At all meetings of the Board, a majority of the Whole Board shall constitute a quorum for the transaction of business. If a quorum shall fail to attend any meeting, a majority of those present may adjourn the meeting to another place, date or time without further notice thereof. Notice of such adjourned meeting need not be given if the time and place of such adjourned meeting are announced at the meeting so adjourned. Except as otherwise provided herein or in the Certificate of Incorporation, or required by law, the vote of a majority of the directors present at a meeting at which a quorum is present shall be the act of the Board.

 

2.7 Organization.

 

Meetings of the Board shall be presided over by (a) the Chairperson of the Board, or (b) in such person’s absence, the Lead Independent Director, or (c) in such person’s absence, by the Chief Executive Officer, or (d) in such person’s absence, by a chairperson chosen by the Board at the meeting. The Secretary shall act as the secretary of the meeting, but in such person’s absence the chairperson of the meeting may appoint any person to act as the secretary of the meeting.

 

2.8 Unanimous Action by Directors in Lieu of a Meeting.

 

Unless otherwise restricted by the Certificate of Incorporation or by these Bylaws, any action required or permitted to be taken at any meeting of the Board, or of any committee thereof, may be taken without a meeting if all members of the Board or such committee, as the case may be, consent thereto in writing or by electronic transmission, and the writing or writings or electronic transmission or transmissions are filed with the minutes of proceedings of the Board or committee, as applicable.

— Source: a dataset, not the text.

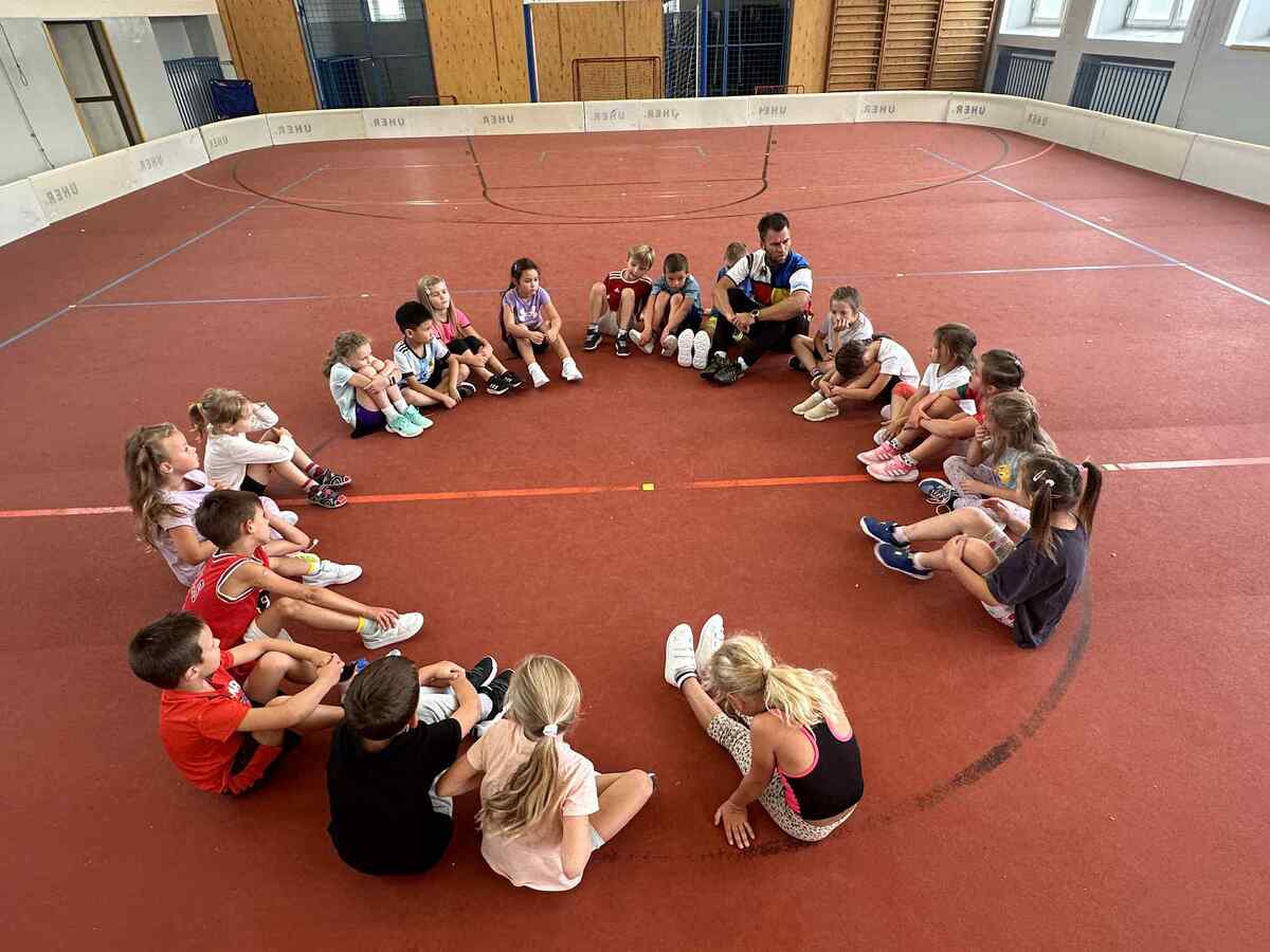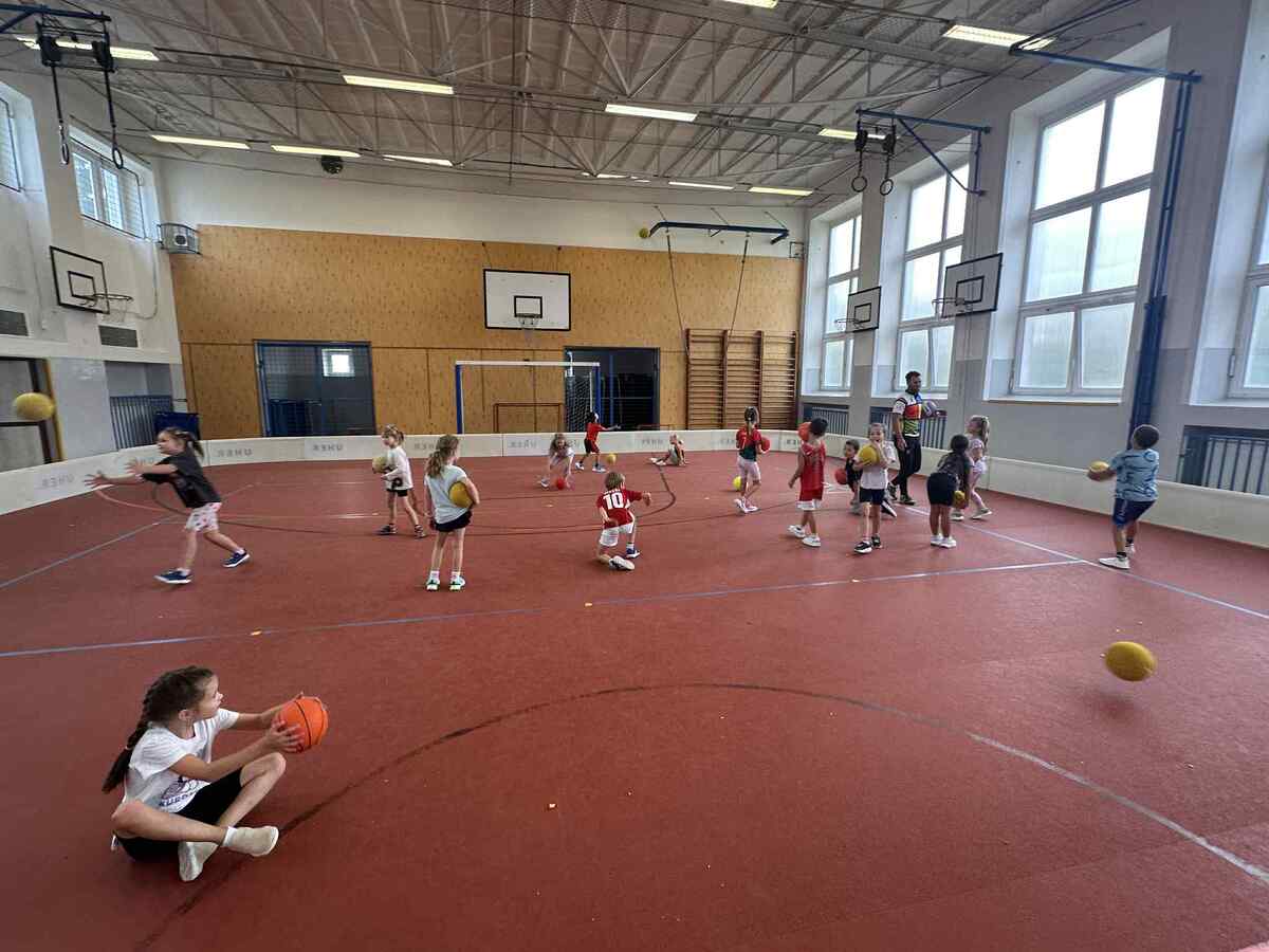 Fotografie | 1.C | Publikováno dne 23. 09. 2025 | Publikoval Mgr. Veronika GoldenNaši prvňáčci mají každý týden v úterý hodinu tělesné výchovy trochu jinak – zveme si trenéry do škol, kteří děti vedou k pohybu zábavnou formou.

Such filing shall be in paper form if the minutes are maintained in paper form and shall be in electronic form if the minutes are maintained in electronic form.

 

2.9 Powers.

 

Except as otherwise provided by the Certificate of Incorporation or the DGCL, the business and affairs of the Corporation shall be managed by or under the direction of the Board.

 

2.10 Compensation of Directors.

 

Members of the Board, as such, may receive, pursuant to a resolution of the Board, fees and reimbursement of expenses and other compensation for their services as directors, including without limitation their services as members of committees of the Board.

 

Article III
COMMITTEES

 

3.1 Committees.

 

The Board may designate one (1) or more committees, each committee to consist of one (1) or more of the directors of the Corporation. The Board may designate one (1) or more directors as alternate members of any committee, who may replace any absent or disqualified member at any meeting of the committee. In the absence or disqualification of a member of the committee, the member or members thereof present at any meeting of such committee who are not disqualified from voting, whether or not such member or members constitute a quorum, may unanimously appoint another member of the Board to act at the meeting in place of any such absent or disqualified member. Any such committee, to the extent provided in a resolution of the Board, shall have and may exercise all the powers and authority of the Board in the management of the business and affairs of the Corporation and may authorize the seal of the Corporation to be affixed to all papers that may require it, but no such committee shall have the power or authority in reference to the following matters: (a) approving, adopting or recommending to the stockholders any action or matter (other than the election or removal of members of the Board) expressly required by the DGCL to be submitted to stockholders for approval or (b) adopting, amending or repealing any bylaw of the Corporation.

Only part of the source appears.